Geithner predicts long hardships ahead for America

How’s this for good news? Timothy Geithner, the secretary of the United States Treasury, says hardships will hit America for “a long time to come.”

Now that’s not very positive, is it?

Speaking to NBC’s Meet The Press on Sunday, Geithner said that President Barack Obama saved the States from a second Great Depression but said it will be quite a while before people can actually feel a recovery.

Alright, so the economy isn’t exactly sunshine and rainbows right now. But it’ll get better soon, right?

“It’s going to feel very hard, harder than anything they’ve experienced in their lifetime now, for a long time to come,” said Geithner.

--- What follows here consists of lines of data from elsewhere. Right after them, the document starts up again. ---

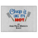 Chop it like it's hot is the text on this glass cutting board sandwiched between two meat cleavers. Cutting food stuff on this board is an exercise in humor. Just fun. Personalize it with a name -- this text indicates the owner of the board. Easily changed with the template. Be sure to scroll down to read the product description for full information. Selecting “Personalize this design” offers you several edit options to easily change the text (wording, plus type font, color, size, position) and to edit the design elements. You may also want to scroll down to the section “Transfer design to a product” for a few suggestions about other items this design can be used on.
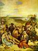 A 19. század első felében a romantika és a festőiség képviselője. Személyisége azonban alapvetően különbözött a Victor Hugo körül gyülekező forrongó fiatal romantikusokétól. Zárkózott és arisztokratikus természete Önarcképén is tükröződik. Nagypolgári családban született, és alapos klasszikus képzésben részesült. 1816-ban a kimagasló klasszicista művész, Pierre-Narcisse Guérin műtermében folytatta tanulmányait. Itt találkozott Géricault-val, aki nagy hatással volt rá. 1825-ben Angliában járt, 1832-ben Marokkóban tett látogatást. Visszatérte után a hivatalos körökbe vezető baráti kapcsolatai révén számos fontos, dekoratív megbízást kapott. Géricault képe, A Medúza tutaja ihlette a Dante bárkája című alkotását. Ez volt az első Szalon-festménye, és általános elismerés fogadta. Színei itt még közel állnak Géricault-éhoz: döntően földszíneket és éles fény-árnyék ellentéteket használ. A festmény ugyanakkor már mutat valamit abból az expresszív színhasználatból is, amelyet pályája során kifejlesztett. Stílusában Constable hatására következett be döntő változás, akinek a műveivel 1823-ban ismerkedett meg Párizsban. Az 1824. évi Szalonban állította ki a Khioszi mészárlást. Lehet, hogy Constable hatására átfestette a vásznat: különböző színű festékpettyeket helyezett el a kép előterében, hogy mozgalmassá tegye a felületet és kromatikus színharmóniában egyesítse a kompozíciót. A Khioszi mészárlás és a Görögország Missolonghi romjain témáit a görög szabadságharc eseményei ihlették, amelyek iránt főleg Byron keltette fel érdeklődését. Az 1830. évi forradalom inspirálta A Szabadság vezeti a népet című festményét, amelyen az idealizmust életszerű, realista kifejezésmóddal párosítja. 1832-ben tett marokkói látogatása során úgy találta, hogy az arabok magatartásukkal, öltözködésükkel és életmódjukkal élő kapcsolatot jelentenek az antik világgal. Természetes méltóságuk ellentétben állt a klasszicizmus hűvös formalizmusával. Marokkói vázlataiban az angol akvarell-technikáját alkalmazza, hogy benyomásainak frissességét kellően meg tudja örökíteni. Az észak-afrikai napfény intenzitása élesebbé tette megfigyeléseit a fény és a színek kölcsönhatásáról. Felfedezéseit az Algíri nők-ön hasznosította: a helyi színeket a rájuk eső fény intenzitásától függően módosította, és a komplementer színek alkalmazásával kontrasztokat teremtett. Útjának eredménye egy sor kép lett, például a Zsidó menyegző. Delacroix főbb dekoratív megbízásai Párizsban Lajos Fülöp uralkodása idején a következők voltak: a Salon du Roi és a könyvtár a Bourbon-palotában, a Luxemburgpalota könyvtára, egy Pietá a Saint-Denis du Saint Sacrementtemplomban, a Louvre Apollógalériájának mennyezete, a Salon de la Paix a városházán (elpusztult) és a Chapelle des Anges Saint- Sulpice-ben. E műveinek koncepciója a barokk falfestmények hagyományait követi, de ennek keretein belül jelentős fejlődést ért el a színek kezelésében. Számára központi kérdés volt a fényerősség problémája; ennek megfelelően csökkentette a fekete mennyiségét, és fehér alapozást kezdett alkalmazni; ezt a technikát később az impresszionisták is átvették. Delacroix fényelmélete két forrásból táplálkozott: a természet alapos megfigyeléséből és a színek kölcsönhatásáról szóló tudományos munkákból, köztük Eugéne Chevreul elméletéből. Pályája során Delacroix nagyszámú, szín gazdag és élettel teli vásznat festett, köztük híres állatképeket is, az arabok életéből vett jeleneteket, valamint a középkori történelemből és az irodalomból merített témákat (Hamlet és Horatio). Sok sikeres portré is fűződik a nevéhez, így Chopin és Paganini arcképe. Delacroix-t érdekelték a művészet elméleti kérdései is. Belekezdett egy művészeti szótár írásába, amelyet azonban sohasem fejezett be. Naplót is vezetett, amely magánéletének, művészi tevékenységének és esztétikai elméleteinek értékes forrása. 1855-ben "Nagy Becsületrend"-del tüntették ki, és 35 művét mutatták be a párizsi világkiállításon. 1863-ban halálakor Charles Baudelaire, legjobb és legmegbízhatóbb barátja írt róla nekrológot. Forrás: Akadémia 1.0.1. ÍZELÍTŐ MŰVEIBŐL: |
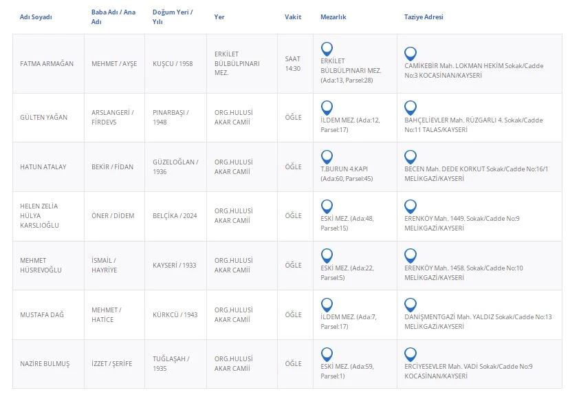 Kayseri’de bugün vefat edenler (18 Temmuz)
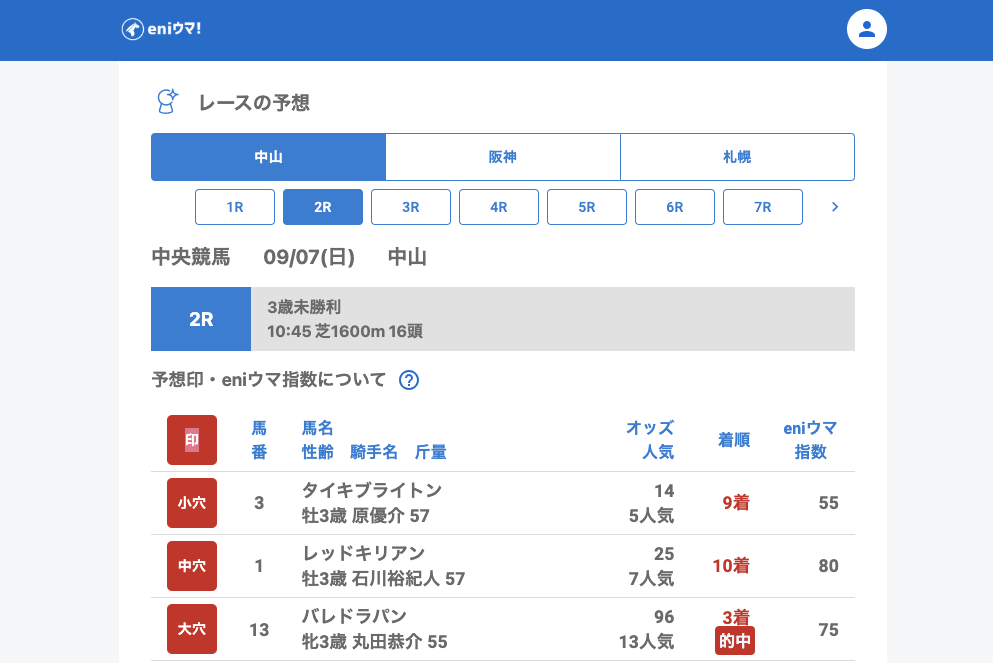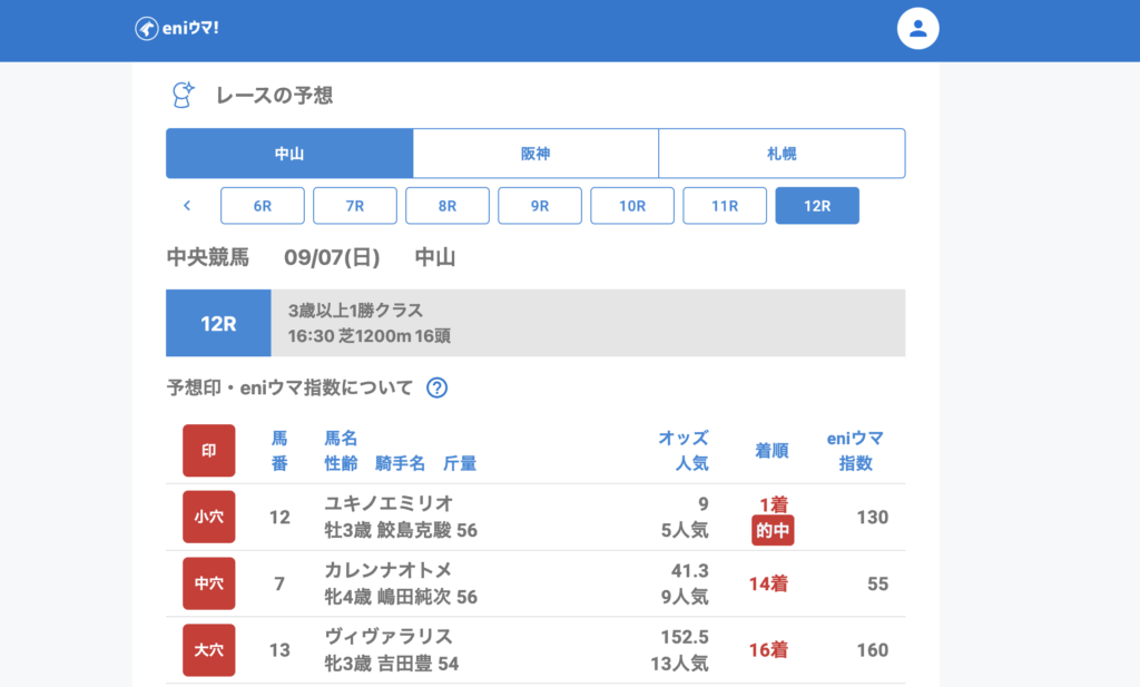中山では1Rリードアクトレス(63.0倍/eniウマ!指数55)、2Rバレドラパン(96.0倍/eniウマ!指数75)を発見し、12Rではユキノエミリオ(9.0倍/eniウマ!指数130)が単勝的中。
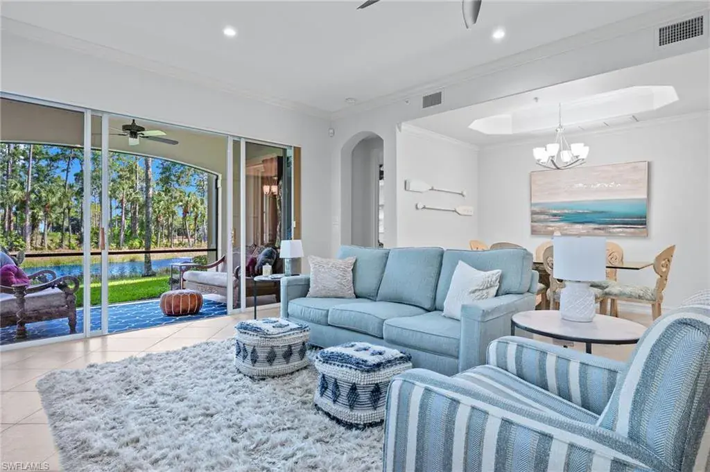 Location is everything!! Enjoy a resort lifestyle unique to Bolero at The Ritz-Carlton Naples, Tiburon. Bolero is one of the best located communities within Tiburon, and properties are rarely available. This meticulously maintained condominium offers a neutral palette with coastal decor. And, it’s just a short distance to the resort style community pool, Tiburon Golf Club, and The Ritz-Carlton Hotel! The generously sized open floor plan welcomes you, flowing effortlessly into a beautiful lanai area where you will enjoy tranquil views of the lake, fountain, and 10th hole of the Greg Norman designed golf course. Enter the expansive primary suite to find an abundance of natural light streaming from multiple windows, and floor to ceiling sliders. The luxurious primary bathroom features dual sinks, soaking tub, beautiful mirror, a walk-in closet and large linen closet. The spacious dining room and kitchen complete the open concept living area, perfect for entertaining. There are two additional bedrooms and a full bath for your guests to enjoy. This wonderful floor plan meets the needs of the most discerning buyers. Featuring a space that lives like a single family home with direct access from the attached 2-car garage into the kitchen. Perfect for the family that enjoys maintenance free living, and the luxury lifestyle of an outdoor oasis. NEW Hot Water Heater and NEWER A/C. Tiburon boasts 36 holes of Greg Norman-designed championship golf, concierge services, restaurants, fitness center, spa, tennis and private beach shuttle. Tiburon is located close to beaches, world-class shopping and dining. GOLF & SOCIAL MEMBERSHIPS are IMMEDIATELY available, but not required to live in the community. Just 3 miles to Vanderbilt Beach and 1.5 miles to the shops and restaurants at Mercato.

The secretary added that’ll take “something very big” and “very substantial” to bring the United States’ deficit back down to something manageable.

These words mark maybe the harshest to come from the secretary in quite a while and come only days after rumors of a possible resignation began resurfacing. Speaking in Chicago with former President Bill Clinton last month, Geithner said he had no plans to resign and said he would remain in his position “for the foreseeable future.”

With the future of America seeming uncertain, however, perhaps Geithner is only now sharing his true feelings on the state of the union as he prepares to bid adieu to the Treasury Department.

Geithner added that something could indeed happen, but it will take agreements between the left and the right side of the aisle, something that might be easier said than done. “Both sides are going to have to make some compromises,” said Geithner. “And one thing to Republicans: We know this is very hard to do. But they should not walk away from trying to do something good for the country.”

The state of Minnesota shut down ten days ago after the Republican legislative body was unable to strike a compromise with the Democratic governor over the state’s spending. Over 20,000 state workers stand to be laid off as a result.

Speaking from the White House’s rose garden on Friday, President Obama seemed slightly more optimistic about the future of the nation’s economy, but said he believes that we indeed “still have a long way to go.” His speech came hours after the unemployment figures for the month of June were released, signalizing yet another increase. The latest statistics say that 9.2 percent of Americans filed for unemployment benefits last month.